El último curso de Primaria tuve a una profesora que aunaba fantasía, ensoñación y amor por la lengua con una dosis de evasión y alta valoración de sí misma. Combinación que, en mi caso, consiguió que saliera de mi letargo de niña que aprende la lección y hace bien los deberes y entrara en el mundo de la imaginación.

            Era una mujer que lucía una rebeca azul de punto con los bordes deshilachados de las mangas como si fuera una prenda de alta costura. Tenía estilo. Su cuerpo flexible se alzaba sobre unos pies que caminaban como si fuera siempre de puntillas. Casi nunca la oíamos llegar, parecía como si levitara. Su risa, en cambio, era desgarrada y estridente.

            No usaba la palmeta, ni pegaba, aunque podía ser cruel en sus comentarios generales, por los que yo nunca me sentía aludida. Fueron escasas las ocasiones en que se enfadó conmigo, mostrando su cara menos amable y más despectiva. Yo me quedaba con lo mejor de ella.

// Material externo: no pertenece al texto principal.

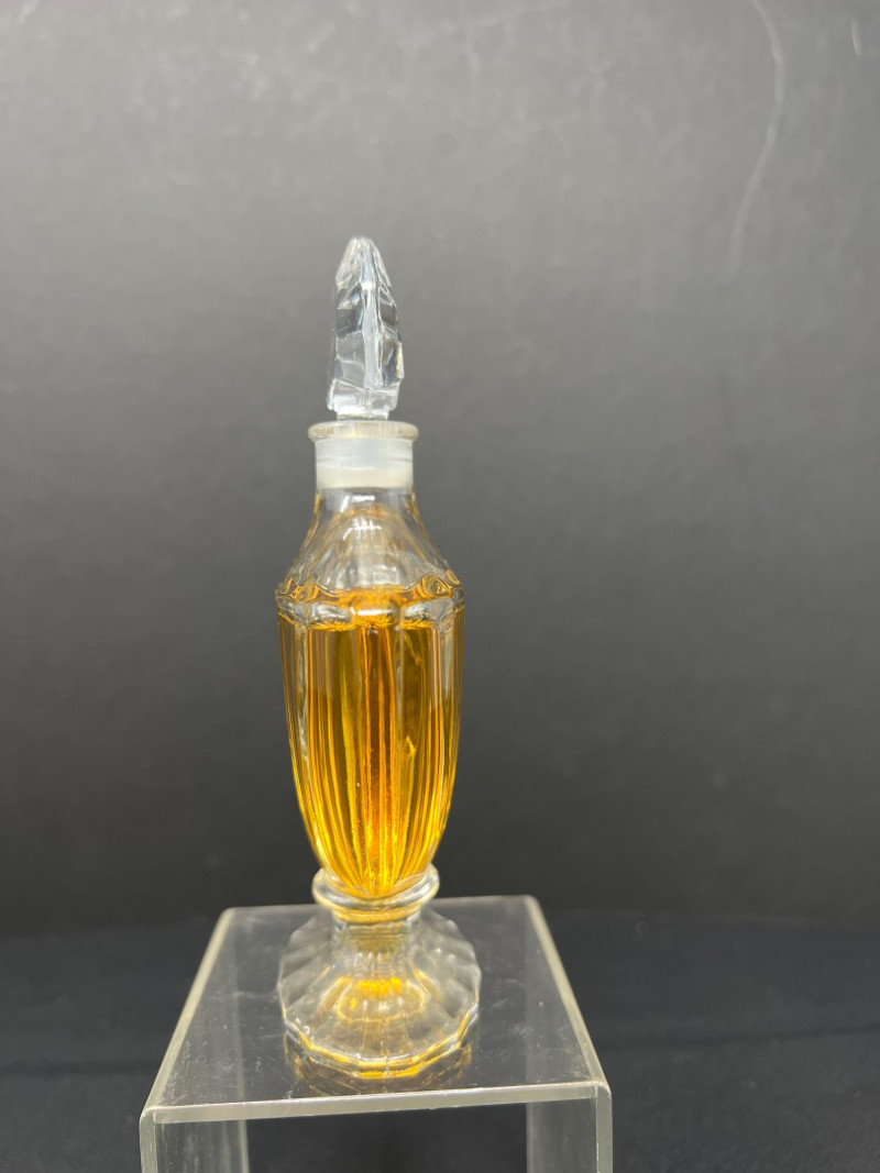 A timeless symbol of French luxury, this vintage Shalimar perfume bottle by Guerlain evokes the golden age of fragrance and design. First introduced in 1925, Shalimar was inspired by the legendary gardens of Shalimar in India and quickly became one of the most iconic scents of the 20th century. This bottle, with its classic fluted glass and elegant stopper, reflects Guerlain’s commitment to artistry in both scent and form. Whether retained for its collectible value or admired as a decorative object, it carries the quiet glamour of a bygone era. Highly collectible. Mostly full. Used.

            Una tarde aburrida de bordados y bastidor trajo un tocadiscos y nos puso un vinilo de Salvatore Adamo. Ocurrió una sola vez. Sospecho que a alguna madre aquello no le pareció instructivo y dio la correspondiente queja. Otras veces nos hablaba de películas que había disfrutado en cines de ciudades que visitaba y que nosotras tardaríamos en ver. Las llevarían al pueblo después de que pasaran años de su estreno.

            Cuando llegaba la primavera solía quedarse ensimismada más a menudo. Yo me preguntaba qué estaría pensando. A veces soltaba las manos enlazadas debajo de la barbilla, se levantaba de su sillón, daba la vuelta a la mesa, se apoyaba con ellas en el borde, afianzaba un poco el cuerpo en el tablero, nos miraba con ojos soñadores y nos hablaba del viaje que tenía proyectado hacer ese año y de que solo le faltaba por conocer de España un trocito de la cornisa cantábrica. Daba algunos brochazos de color de los lugares que había visitado: sus bailes, los platos típicos, sus maravillosas iglesias y catedrales, antes de mirar su reloj de pulsera y dar unas palmadas mientras anunciaba la hora del recreo o nos mandaba a casa.

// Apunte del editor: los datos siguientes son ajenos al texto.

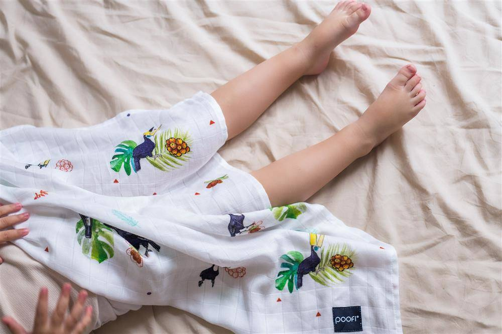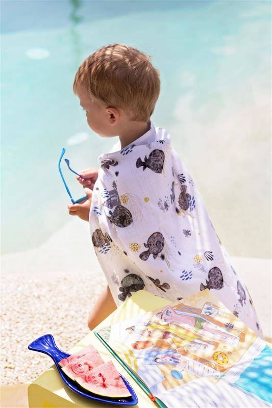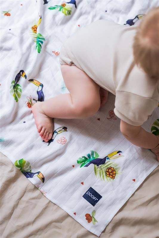 Otulacz bambusowy Tropical jest lekki i delikatny, dzięki dużemu rozmiarowi (120×120 cm) sprawdzi się w wielu sytuacjach. Jest wykonany z gładkiej, jednolitej tkaniny o strukturze podobnej do jedwabiu.

            Ocurría de vez en cuando y era como si estuviera en estado de gracia. Ninguna otra maestra lo hacía ni lo había hecho nunca. Después de unos ejercicios de Lengua que era la asignatura que a ella y a mí nos gustaba, iba a la pizarra, los borraba todos, y, en letra bien grande escribía: Redacción libre. Podíamos aburrirnos, crear, soñar, hacer, en definitiva, lo que nos diera la gana. Éramos libres.

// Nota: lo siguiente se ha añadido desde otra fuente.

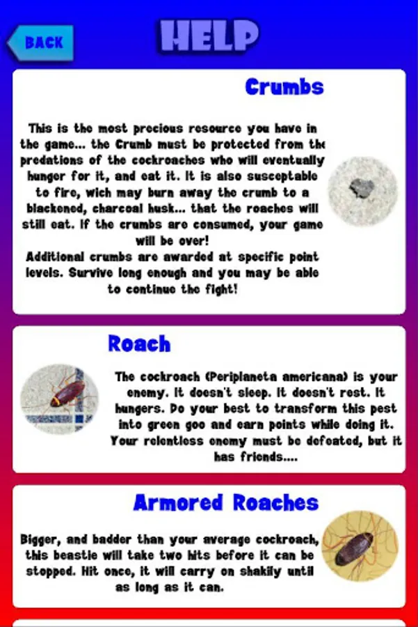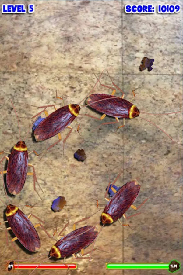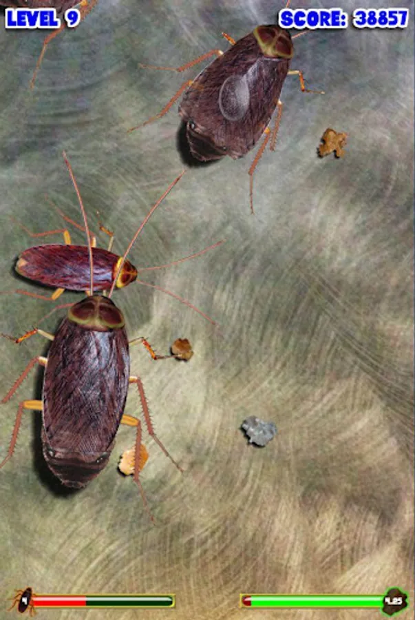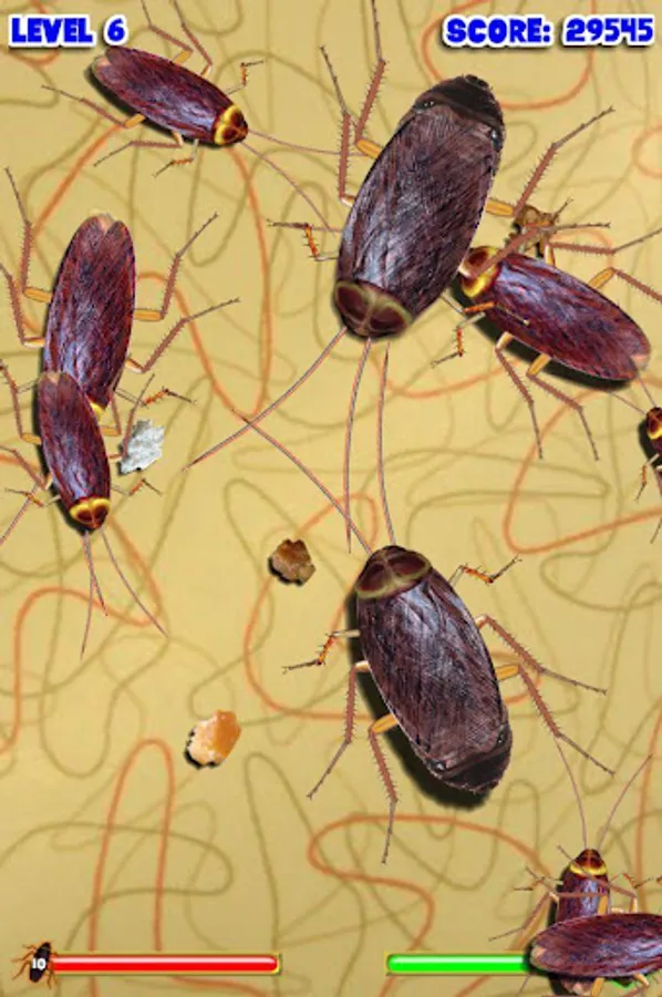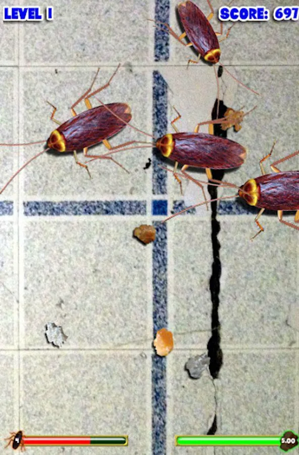 Pit your thumb-smashing skills against the hordes of roaches that will attack your morsels when their hunger grows. Be aware, though, not all the cockroaches in this game are pushovers (or is that 'squish overs'?) - there are even rumors of irradiated bugs that can cause a bigger risk to your crumbs than simply being eaten. If you succeed in vanquishing your foes, you will be given the opportunity to annihilate waves of roaches as they skitter in formation, in a tribute to those classic 80s arcade games. Can you make it to level 50? It will take quick, accurate strikes and strategic targeting to clear the board in more advanced levels.

            Unos años después de acabar el curso me fui del pueblo. La veía cuando yo regresaba en verano a pasar unos días. Nos saludábamos con las palabras convencionales e insulsas del cómo estás y poco más. Excepto en una ocasión. Una de las dos estaba sentada en la terraza de un bar y la otra se acercó. Creo que fue mi compañero el que le habló de alguno de mis relatos y entonces ella dijo: No guardo ningún escrito. Con la excepción de una carta de un obispo y un cuento tuyo. No supo decirme de qué trataba el cuento, aunque sí que estaba escrito a lápiz y en una hoja de un cuaderno de dos rayas. Ella murió hace unos años. Supongo que el escrito no sobrevivió. Me dejó la afición por la escritura.

14/1/21

ÚLTIMAS TARDES DE ESCUELA

 

                                  

Tomada de la red

 

 Al lado del encerado de mi clase, había un globo terráqueo que mi maestra giraba con la mano, durante las tardes de calor, poco antes de las vacaciones estivales. Señalaba con el dedo índice algún lugar del mundo mientras evocaba su último viaje de verano. Yo bordaba una sábana de su ajuar con interminables ramilletes de flores, bodoques, y filtiré. Mientras la aguja perforaba la tensión de la tela en el bastidor, arriba y abajo, arriba y abajo, me unía a su evocación, y la escuela, los pupitres y los bancos de bordar, se convertían en una cocina de Islandia, en unos jardines de París, en un salón de Austria o en un canal de Venecia. Dos minutos antes de acabar la clase, ella siempre volvía a Medina Azahara, a sus fuentes, a sus arcos, a sus colores y a su luz. Y yo con ella.